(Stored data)
*** Block opens ***

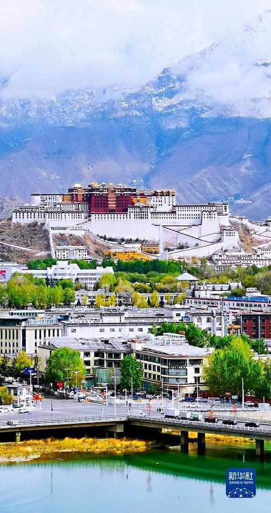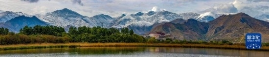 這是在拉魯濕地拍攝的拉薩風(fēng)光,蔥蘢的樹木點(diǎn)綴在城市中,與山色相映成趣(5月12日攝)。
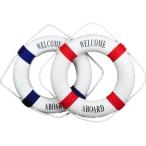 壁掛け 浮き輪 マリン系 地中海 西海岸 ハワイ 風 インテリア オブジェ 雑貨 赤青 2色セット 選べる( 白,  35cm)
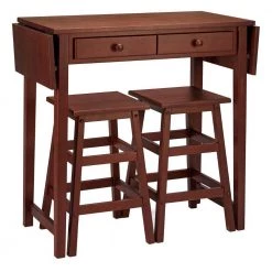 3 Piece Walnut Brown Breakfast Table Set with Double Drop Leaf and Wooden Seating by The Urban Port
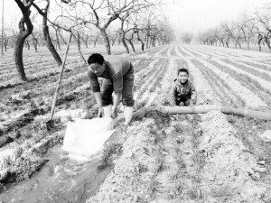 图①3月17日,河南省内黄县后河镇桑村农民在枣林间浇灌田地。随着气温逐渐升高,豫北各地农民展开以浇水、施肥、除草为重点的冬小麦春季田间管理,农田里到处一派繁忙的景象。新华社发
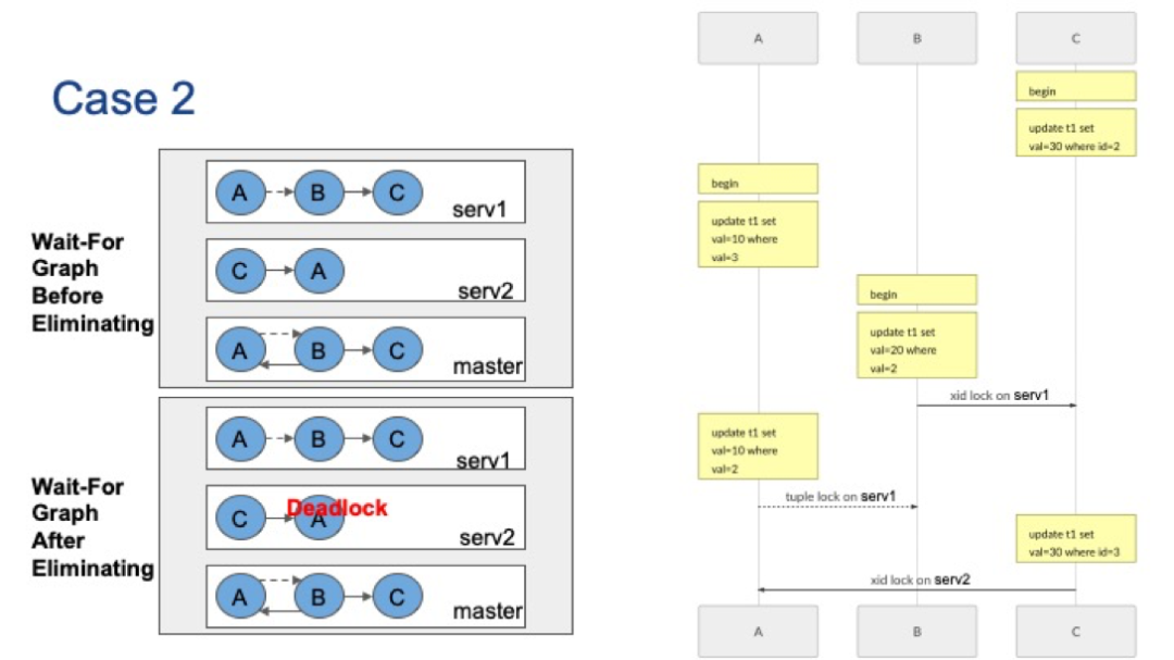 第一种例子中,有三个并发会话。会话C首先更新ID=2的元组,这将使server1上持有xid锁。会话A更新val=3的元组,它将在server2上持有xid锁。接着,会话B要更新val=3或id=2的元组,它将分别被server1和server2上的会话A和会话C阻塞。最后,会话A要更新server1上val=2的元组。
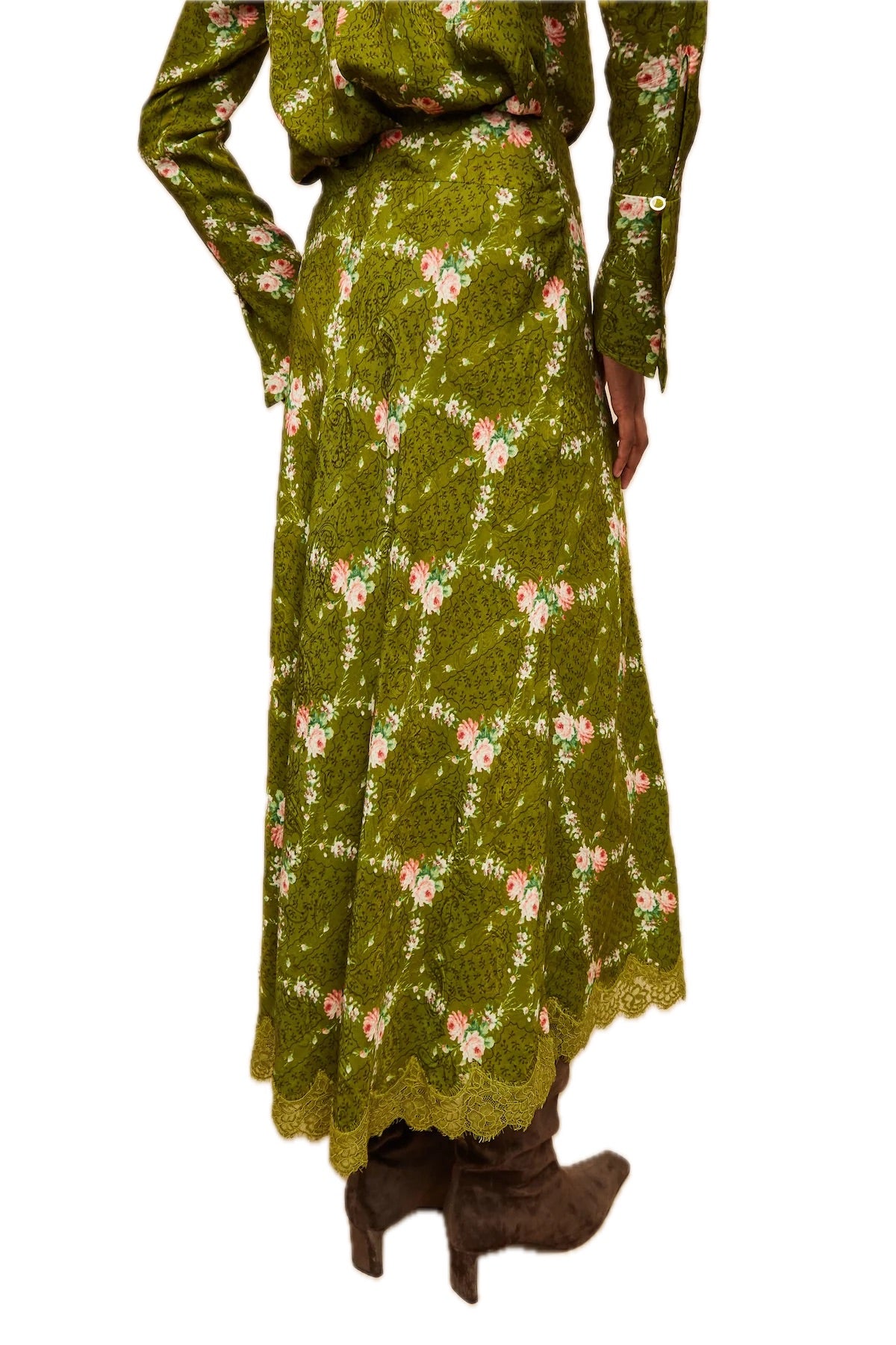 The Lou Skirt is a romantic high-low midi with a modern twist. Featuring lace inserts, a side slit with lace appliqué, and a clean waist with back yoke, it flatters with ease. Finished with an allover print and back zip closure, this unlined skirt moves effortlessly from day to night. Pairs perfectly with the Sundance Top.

*** Block closes ***

Please output all the data exactly as given, with the pictures omitted.

 這是在拉魯濕地拍攝的拉薩風(fēng)光,蔥蘢的樹木點(diǎn)綴在城市中,與山色相映成趣(5月12日攝)。
 壁掛け 浮き輪 マリン系 地中海 西海岸 ハワイ 風 インテリア オブジェ 雑貨 赤青 2色セット 選べる( 白,  35cm)
 3 Piece Walnut Brown Breakfast Table Set with Double Drop Leaf and Wooden Seating by The Urban Port
 图①3月17日,河南省内黄县后河镇桑村农民在枣林间浇灌田地。随着气温逐渐升高,豫北各地农民展开以浇水、施肥、除草为重点的冬小麦春季田间管理,农田里到处一派繁忙的景象。新华社发
 第一种例子中,有三个并发会话。会话C首先更新ID=2的元组,这将使server1上持有xid锁。会话A更新val=3的元组,它将在server2上持有xid锁。接着,会话B要更新val=3或id=2的元组,它将分别被server1和server2上的会话A和会话C阻塞。最后,会话A要更新server1上val=2的元组。
 The Lou Skirt is a romantic high-low midi with a modern twist. Featuring lace inserts, a side slit with lace appliqué, and a clean waist with back yoke, it flatters with ease. Finished with an allover print and back zip closure, this unlined skirt moves effortlessly from day to night. Pairs perfectly with the Sundance Top.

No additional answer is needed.